Based on a complaint survey completed on February 19, 2020, it was determined that Frey Village was not in compliance with the following requirements of 42 CFR Part 483, Subpart B, Requirements for Long Term Care Facilities and the 28 PA Code, Commonwealth of Pennsylvania Long Term Care Licensure Regulations related to the health portion of the survey process.



 Plan of Correction:


483.21(b)(1) REQUIREMENT Develop/Implement Comprehensive Care Plan:This is a less serious (but not lowest level) deficiency and is isolated to the fewest number of residents, staff, or occurrences. This deficiency is one that results in minimal discomfort to the resident or has the potential (not yet realized) to negatively affect the resident's ability to achieve his/her highest functional status.
483.21(b) Comprehensive Care Plans
483.21(b)(1) The facility must develop and implement a comprehensive person-centered care plan for each resident, consistent with the resident rights set forth at 483.10(c)(2) and 483.10(c)(3), that includes measurable objectives and timeframes to meet a resident's medical, nursing, and mental and psychosocial needs that are identified in the comprehensive assessment. The comprehensive care plan must describe the following -
(i) The services that are to be furnished to attain or maintain the resident's highest practicable physical, mental, and psychosocial well-being as required under 483.24, 483.25 or 483.40; and
(ii) Any services that would otherwise be required under 483.24, 483.25 or 483.40 but are not provided due to the resident's exercise of rights under 483.10, including the right to refuse treatment under 483.10(c)(6).
(iii) Any specialized services or specialized rehabilitative services the nursing facility will provide as a result of PASARR recommendations. If a facility disagrees with the findings of the PASARR, it must indicate its rationale in the resident's medical record.
(iv)In consultation with the resident and the resident's representative(s)-
(A) The resident's goals for admission and desired outcomes.
(B) The resident's preference and potential for future discharge. Facilities must document whether the resident's desire to return to the community was assessed and any referrals to local contact agencies and/or other appropriate entities, for this purpose.
(C) Discharge plans in the comprehensive care plan, as appropriate, in accordance with the requirements set forth in paragraph (c) of this section.
Observations:


Based on a clinical record review and staff interview, it was determined the facility failed to implement a comprehensive person-centered care plan to maintain the highest practicable well-being for one of five residents reviewed (Resident 2).

Findings include:

Review of Resident 2's clinical record revealed he had been admitted to the facility in November 2018, with diagnoses that included Unspecified Dementia with behavioral disturbances (an irreversible, progressive degenerative disease of the brain resulting in loss of reality contact and functioning ability) and chronic obstructive pulmonary disease (COP- a disease process that causes decreased ability of the lungs to perform).
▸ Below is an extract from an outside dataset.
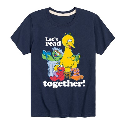 Sesame Street - Lets Read Together - Toddler and Youth Short Sleeve Graphic T-Shirt - Show off your love for a childhood classic with officially licensed Sesame Street graphic apparel! Featuring bold, colorful designs of your favorite characters like Elmo, Big Bird, Cookie Monster, and more, this collection brings playful nostalgia and iconic style to everyday wear. Perfect for fans of all ages, each piece combines comfort with a fun, retro vibe straight from the world of Sesame Street.

Review of Resident 2's care plan included the following focus areas: alteration in elimination of bowel and bladder, frequently incontinent. One of the interventions listed is "toileting every 2-3 hours and as needed, needs extensive assist with toileting" and non-compliance with transfers for which an interventions is listed to be "redirect resident if he appears to want ot transfer himself"

Review of Resident 2's significant change Minimum Data Set (MDS-a periodic assessment of resident's needs), dated December 11, 2019 indicates that for toilet use resident requires the extensive assistance of 2 or more persons physical assist.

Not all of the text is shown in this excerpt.